When you create a secret in Cortex, it's:
- Scoped to your organization (other orgs cannot see it)
- Scoped to your deployment (agents in other deployments cannot access it without explicit permission)
- Tagged with metadata indicating which agents can reference it
This architecture makes it safe to run multiple projects or environments in the same Cortex workspace. Your staging agents cannot accidentally pull production API keys.
Layer 4: Comprehensive Audit Logging
Every access to a secret is logged in the secret_access_log table. The log records:
- Which agent requested the secret
- Which secret ID was accessed
- The timestamp of the access
- Whether the access was successful or denied
- The IP address and user agent of the request
This audit trail serves multiple purposes:
- Compliance: If you need to prove you didn't access a key during a certain period, the log proves it
- Investigation: If you suspect a breach, you can trace exactly which agents accessed which keys and when
- Alerts: You can set up notifications when a key is accessed abnormally (e.g., from an unexpected deployment)
Even Cortex cannot hide access to your secrets. Every pull through the Vault is logged.
Layer 5: Secure Provisioning Pipeline
When an agent is provisioned (deployed), secrets must flow from the Vault to the agent's environment. This is where many systems leak data.
Cortex's provisioning pipeline works like this:
- The provisioning orchestrator requests secrets by ID from the Vault
- The Vault returns decrypted plaintext only within that request context
- The plaintext is immediately written to a file on the agent's dedicated server
- The file is owned by root with mode 0600 (read/write for root only, no access for anyone else)

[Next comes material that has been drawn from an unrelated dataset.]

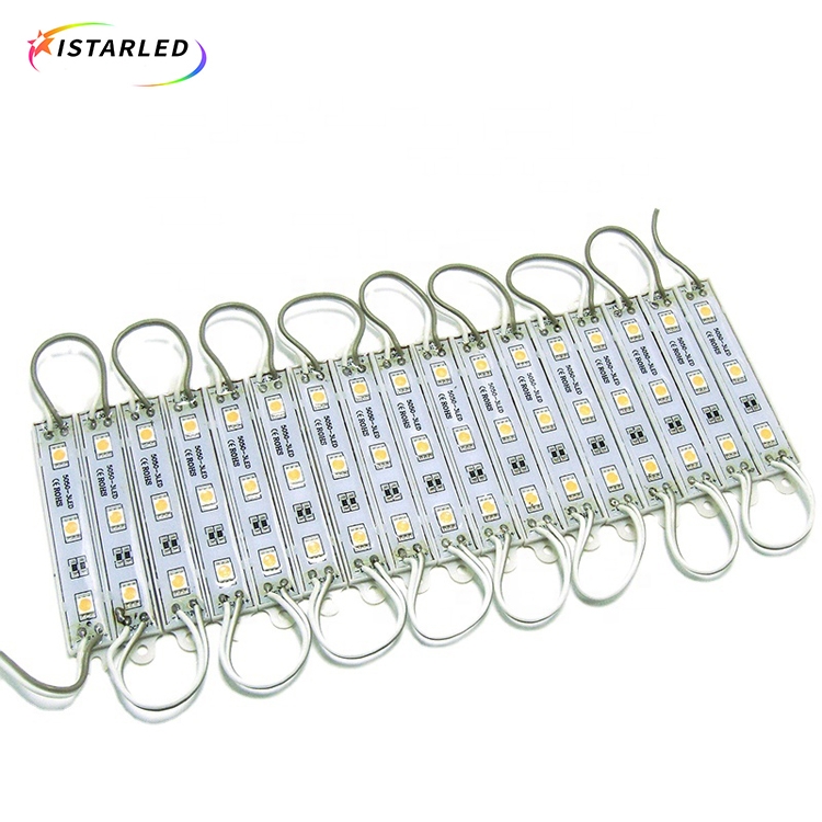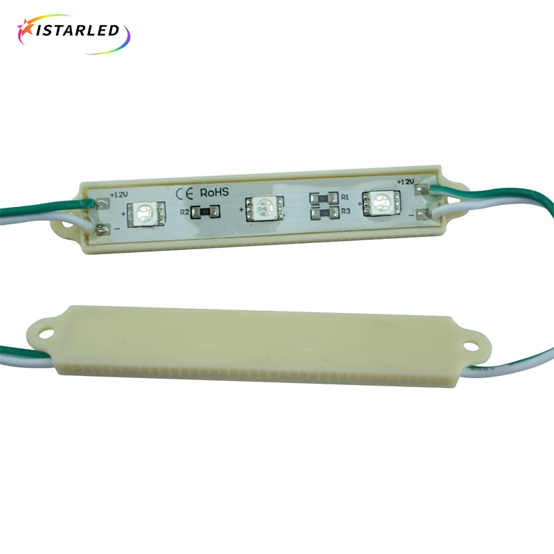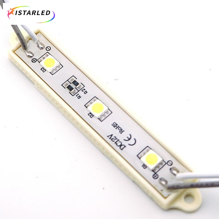 This module is single color led module,one pcs made by 3pcs smd5050 led lamp,drived by 12v,the put pcb into 75x12 plastic case,then glue on the surface,so it is waterpproof version . This is single color module,and we can do warm white, pure white,blue, green ,red,yellow.

- The plaintext is never logged, never cached, never transmitted over an insecure channel
- Only root (the systemd service running as root) can read the file
- The application process spawned by systemd inherits access to the secret through the file descriptor
This ensures that even the agent developer (who might SSH into the server) cannot read the secret file directly. The secret exists only in memory, accessible only to the running process.
Automatic Secret Rotation
One of the biggest advantages of the Cortex BYOK model is that you can rotate secrets without downtime.

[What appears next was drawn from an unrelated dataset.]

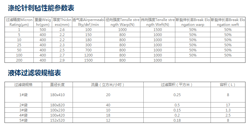 滌綸(PE) 滌綸在常溫下有很好的使用性能,是袋濾器中的主力濾料。可在干燥條件下經受130℃的操作溫度;連續在130℃以上工作會變硬;退色;發脆,溫度也會使其強度變弱。滌綸化學穩定性好,能耐大多數酸堿的侵蝕。常溫下不溶于一般溶劑,吸水性小,此外電絕緣性和抗沖擊性及耐寒性能很好。過濾精度范圍在1-200um 。

To rotate an OpenAI API key:
- Generate a new key in the OpenAI dashboard
- Update the secret in Cortex
- Cortex marks the old secret as deprecated
- New requests from your agent use the new key
- Old requests complete using the old key (for a configurable grace period)
- The old key is automatically removed from all environments
The agent keeps running. No restart. No downtime. This makes security practices like key rotation actually feasible in production environments.
Comparison: Cortex vs. Self-Hosted
Here's how Cortex stacks up against managing secrets manually on self-hosted infrastructure:
| Capability | Self-Hosted | Cortex | |---|---|---| | Plaintext secrets on disk | Yes (default) | Never | | Encryption at rest | No | Yes (pgsodium/XChaCha20) | | Audit logging | No | Yes (every access logged) | | Per-organization scoping | No | Yes | | Per-deployment scoping | No | Yes | | Secret rotation without downtime | No | Yes | | Automated provisioning | Manual (error-prone) | Fully automated |
Why This Matters
Security isn't a feature you add at the end. It's a fundamental architectural choice. By making BYOK central to our platform, we've eliminated entire classes of vulnerabilities:
- No plaintext secret leaks from accidental code commits
- No compromised servers exposing all your API keys
- No audit trail gaps when you need to investigate
- No manual secret rotation procedures that fail and create inconsistency
Your LLM API keys are some of your most valuable assets. They're the gateway to your models, and they're often used in high-volume production deployments. Cortex treats them accordingly: encrypted, audited, scoped, and automated.
Because when you're running AI agents in production, security shouldn't be a compromise. It should be the default.